May 11, 1990.
Appeal from the Circuit Court, Polk County, Dennis P. Maloney, J.
James Marion Moorman, Public Defender, and Megan Olson, Asst. Public Defender, Bartow, for appellant.
Robert A. Butterworth, Atty. Gen., Tallahassee, and Michele Taylor, Asst. Atty. Gen., Tampa, for appellee.
Mr. Boice appeals his convictions and sentences for purchase of cocaine and tampering with evidence. We affirm the conviction and sentence for the purchase of cocaine, but reverse the conviction and sentence for tampering with evidence.
At 6:45 p.m., on February 19, 1988, Mr. Boice stopped his car at an intersection in Winter Haven, Florida, and purchased a single rock of cocaine in a small bag from an undercover police officer. As soon as Mr. Boice completed the purchase, he was surrounded by uniformed officers in marked police cars. After the other officers arrived, the undercover officer observed Mr. Boice throw the bag of cocaine out the window of his car. One of the officers retrieved the bag from the roadway. The bag was near the door on the driver's side of Mr. Boice's car. The officer who retrieved the bag stated that he just looked on the ground and located the bag. There is no evidence that the cocaine had been altered or destroyed. After receiving his Miranda warnings, the defendant admitted that he had purchased the cocaine for his personal use.

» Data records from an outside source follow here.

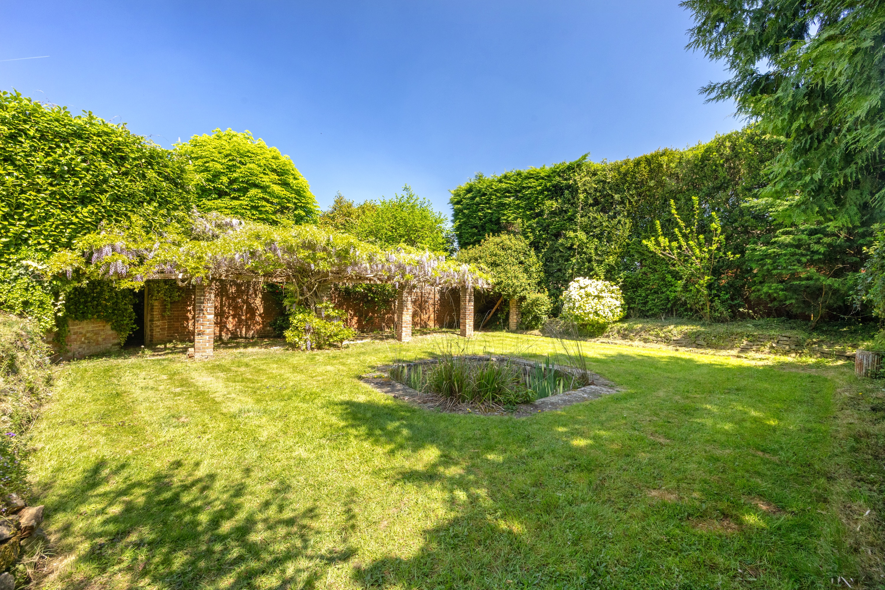 The property is approached by a sweeping driveway which provides space for several vehicles and leads to the double garage; which has up and over doors, power and lighting. The rear garden is a real feature and is of superb proportions and is mainly laid to lawn. There is a patio terrace area at the rear of the property which is ideal for outdoor dining and a further gravel area where you can enjoy afternoon and evening sunsets, there is also a ornate pond and a further brick built pergola with growing wisteria, which is perfect place to capture some shade.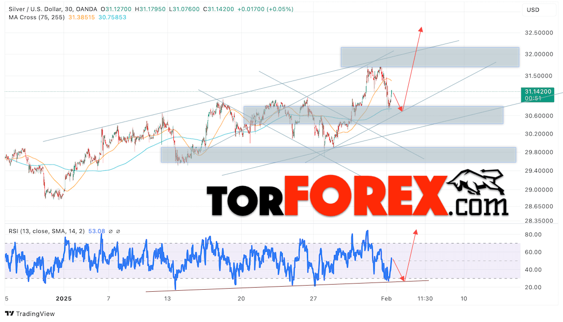Дополнительным сигналом в пользу подъёма котировок и цен на Серебро XAG/USD выступит тест линии поддержки на индикаторе относительной силы (RSI). Вторым сигналом в пользу роста станет отскок от нижней границы бычьего канала. Отменой варианта подъёма цен на Серебро 4 февраля 2025 станет падение и пробой 30.15. Это укажет на пробой области поддержки и продолжение падения в область ниже уровня 28.05. Ожидать ускорения роста котировок XAGUSD стоит с пробоем области сопротивления и закрытием цены над уровнем 31.55.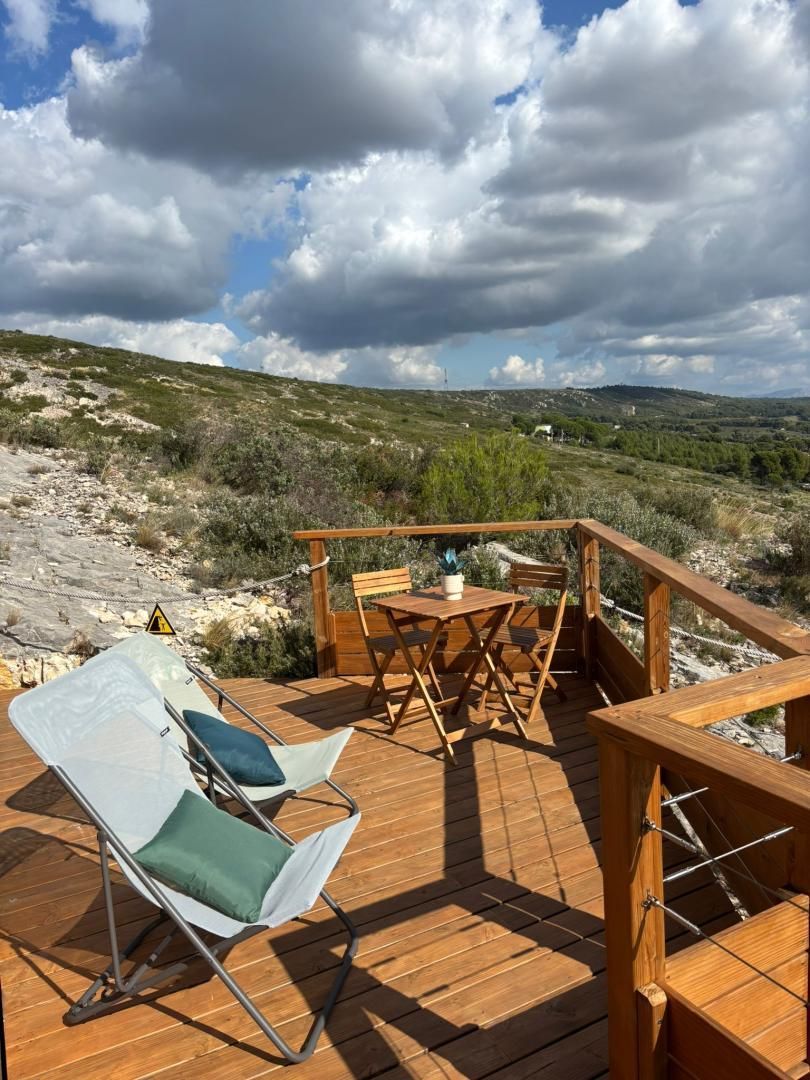 Perché en hauteur, le Chalet ensoleillé offre une impressionnante vue à 360°, de la Sainte Victoire à l'Etang de Berre. Le chalet insolite sur pilotis est équipé avec tout le confort d'une chambre avec salle d'eau privative, wc séparé, coin bureau et terrasse panoramique. La piscine complète l'expérience, au bord de laquelle vous pourrez prendre un petit déjeuner complet préparé par la propriétaire. Son emplacement dans la colline permet un accès facile aux randonnées ou courses à pied ou à vélo. Le chalet est également situé dans le triangle entre Aix-en-Provence, Marseille et Salon-de-Provence, à proximité des axes routiers et de la mer (Côte Bleue et Calanques), mais aussi de l'aéroport de Marseille.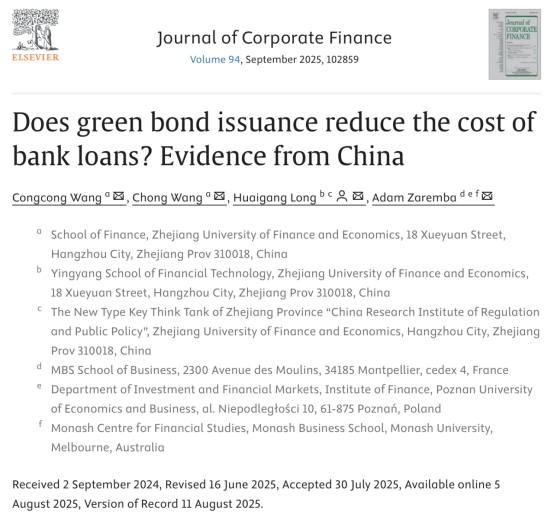 王聪聪教授(第一作者)、王翀博士研究生和盈阳金融科技学院龙怀钢副教授(通讯作者),蒙彼利埃高等商学院副教授Adam Zaremba的合作论文“Does green bond issuance reduce the cost of bank loans? Evidence from China”于金融学领域权威学术期刊、ABS4星期刊,我校认定的外文一级A类SSCI期刊Journal of Corporate Finance上正式发表。

(1) No person, knowing that a criminal trial or proceeding or an investigation by a duly constituted prosecuting authority, law enforcement agency, grand jury or legislative committee of this state is pending or is about to be instituted, shall:
(a) Alter, destroy, conceal, or remove any record, document, or thing with the purpose to impair its verity or availability in such proceeding or investigation.
The defendant's act of tossing the small bag of cocaine away from his person while in the presence of the arresting officers at the scene of the purchase does not rise to the level of conduct which constitutes a concealment or removal of something for the purpose of impairing its availability for the criminal trial. In this case, the defendant did not conceal the cocaine. Although he removed the cocaine from his hand, he did not remove the cocaine from the immediate area of his arrest. Mr. Boice merely abandoned the evidence.
The statute must be construed most favorably to the accused. § 775.021(1), Fla. Stat. (1987). We do not attempt to define the extreme boundaries of "tampering" in this case. However, we do not believe that the legislature intended the simple act of abandoning a bag of crack cocaine at the scene of an arrest, in the clear sight of a law enforcement officer, to constitute the commission of this additional third-degree felony. If the defendant's act in this case constituted tampering, then a nineteen-year-old who threw a can of beer from his car when stopped by a police officer would commit not only the second-degree misdemeanor of possession of alcoholic beverages, but also the third-degree felony of tampering with evidence. We do not believe that the legislature intended an additional felony under such circumstances.
See McNeil v. State, 438 So.2d 960 (Fla. 1st DCA 1983) (shredding signed waiver of rights form at police station does not establish the specific intent necessary to prove tampering with evidence); Cook v. State, 528 So.2d 1311 (Fla. 2d DCA 1988) (removing a questionable nose tank from an airplane in anticipation of law enforcement's inspection and in order to conceal the tank from law enforcement is tampering with evidence).
The defendant also appeals the judgment imposing costs and fees. Because the judgment was entered without notice and an opportunity to object, the assessment must be stricken without prejudice to the state to tax costs and fees against Mr. Boice after proper notice and hearing. Jenkins v. State, 444 So.2d 947 (Fla. 1984).
Affirmed in part, reversed in part, and remanded for proceedings consistent herewith.
The defendant received a sentence within the recommended guideline range for his purchase of cocaine conviction. Since that range is not altered by this opinion, we do not require resentencing on remand.
DANAHY, A.C.J., and HALL, J., concur.